Nothing but the lines below from the one containing "This document discusses" through the one containing "9ct Yellow Gold" should appear in the answer, exact and without pictures.

- [MATERIAL SHOWN]:

================

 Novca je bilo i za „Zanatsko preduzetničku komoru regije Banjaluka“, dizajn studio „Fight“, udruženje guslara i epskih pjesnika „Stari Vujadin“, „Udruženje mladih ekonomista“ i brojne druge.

================

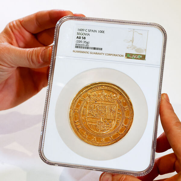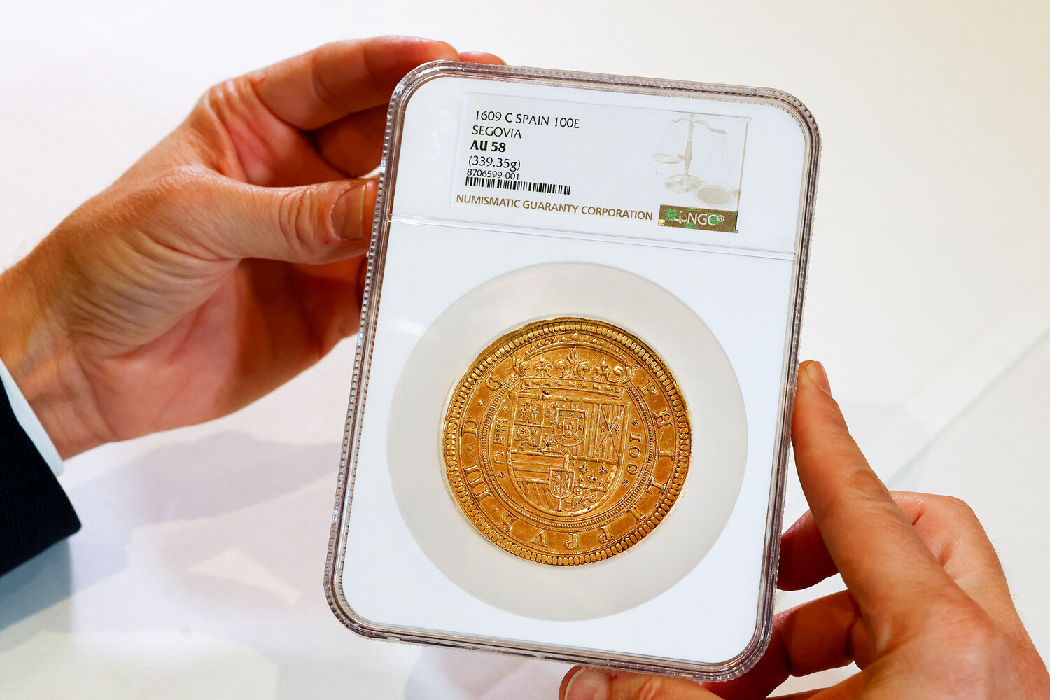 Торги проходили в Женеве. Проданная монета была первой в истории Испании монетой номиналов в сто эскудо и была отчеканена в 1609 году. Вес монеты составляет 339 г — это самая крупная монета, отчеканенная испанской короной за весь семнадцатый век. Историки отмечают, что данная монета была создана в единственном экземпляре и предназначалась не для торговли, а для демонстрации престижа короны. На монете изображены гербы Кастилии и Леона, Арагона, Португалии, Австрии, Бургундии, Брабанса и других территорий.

================

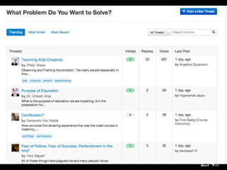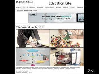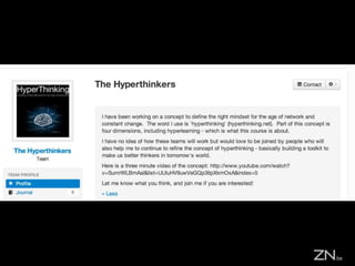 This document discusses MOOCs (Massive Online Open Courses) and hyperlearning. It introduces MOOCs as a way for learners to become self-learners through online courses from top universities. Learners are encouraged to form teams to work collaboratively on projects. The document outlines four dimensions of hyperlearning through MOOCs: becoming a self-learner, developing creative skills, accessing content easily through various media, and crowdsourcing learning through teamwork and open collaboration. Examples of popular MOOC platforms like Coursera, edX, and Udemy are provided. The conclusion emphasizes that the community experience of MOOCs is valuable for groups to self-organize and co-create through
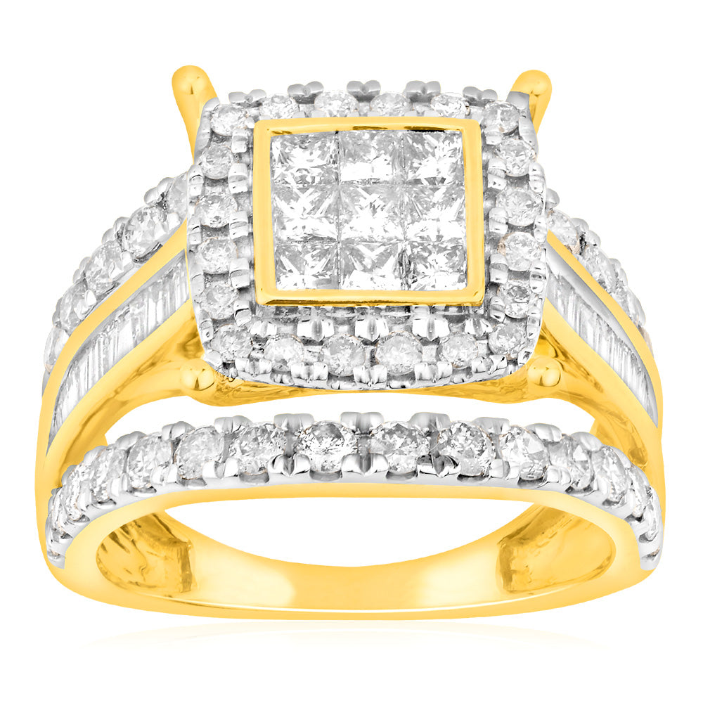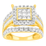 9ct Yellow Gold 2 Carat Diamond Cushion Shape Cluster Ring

================

- [SOLUTION FOR THIS PROBLEM]:
 This document discusses MOOCs (Massive Online Open Courses) and hyperlearning. It introduces MOOCs as a way for learners to become self-learners through online courses from top universities. Learners are encouraged to form teams to work collaboratively on projects. The document outlines four dimensions of hyperlearning through MOOCs: becoming a self-learner, developing creative skills, accessing content easily through various media, and crowdsourcing learning through teamwork and open collaboration. Examples of popular MOOC platforms like Coursera, edX, and Udemy are provided. The conclusion emphasizes that the community experience of MOOCs is valuable for groups to self-organize and co-create through
 9ct Yellow Gold 2 Carat Diamond Cushion Shape Cluster Ring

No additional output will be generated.